Papas Rellenas Author: Cynthia Recipe type: Entree or Appetizer Cuisine: Latin Savory meat filled potato balls. Ingredients For the mashed potatoes, cold, firm potatoes are best. If you want to cut corners, most grocery stores have pre-made mashed potatoes in the refrigerated section. Mashed Potatoes 2 pound potatoes, about 4 large, peeled and cubed 4 tablespoons unsalted butter 2 egg yolks, lightly beaten, (reserve whites) ¼ cup whole milk or cream Salt and pepper to taste. Breading ¼ cup all-purpose flour 1 cup bread crumbs reserved egg whites, plus one whole egg, beaten Instructions For the mashed potatoes Boil potatoes in salted water until fork tender, drain. Mash potatoes into a large bowl. Add butter and milk, mix. Season to taste with salt and pepper. Stir in beaten yolks. Cool or refrigerate potatoes. These should be stiffer than regular mashed potatoes. Assembling the Papas Using about ¼ cup stiff, cold mashed potatoes, form into a ball. Flatten ball and make a hollow.
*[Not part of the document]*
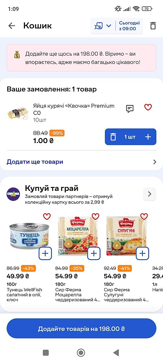 Правда можно набирать так чтобы в итоге на кассе забрать только яйца за 1грн, от другого отказаться

Put about 1 tablespoon picadillo inside indentation. Enclose meat in potatoes, forming into a ball. Place on baking sheet. Repeat with remaining potatoes and meat. Roll each ball in egg mixture then in breading. Place on baking sheet. Chill 2 to 4 hours. Heat oil in a deep-fat fryer or deep frying pan. I used a deep frying pan and about 1½ inches of oil. When oil is hot, carefully place 2 or 3 balls in pan, using a slotted spoon and turn until golden brown on all sides, 2 or 3 minutes. Transfer to clean baking sheet lined with paper towels. Hold in warm oven until all papas are fried. Makes approximately 2 dozen, depending on the size. Picadillo Author: Cynthia Recipe type: Entree Cuisine: Latin Ingredients Picadillo 1 pound lean ground beef 1 medium onion, diced 3 cloves garlic, minced 1 or 2 Tablespoons olive oil, depending on how lean your meat is. ¼ - ½ teaspoon each cumin and smoked paprika, to taste. Pinch of cayenne 8 Spanish olives, finely chopped (green olives stuffed with pimentos) 2 Tablespoons juice from olives Salt and pepper to taste Instructions Heat olive oil in large sauté pan over medium heat. Add onions and cook a few minutes. Add garlic, continuing stir until garlic is fragrant. Add ground beef, stirring. Add paprika, cumin, cayenne, salt and pepper, stir and adjust seasoning to taste. Cook until beef is brown throughout. Stir in chopped olives and olive juice. Remove pan from heat and cool to room temperature, until cool enough to handle.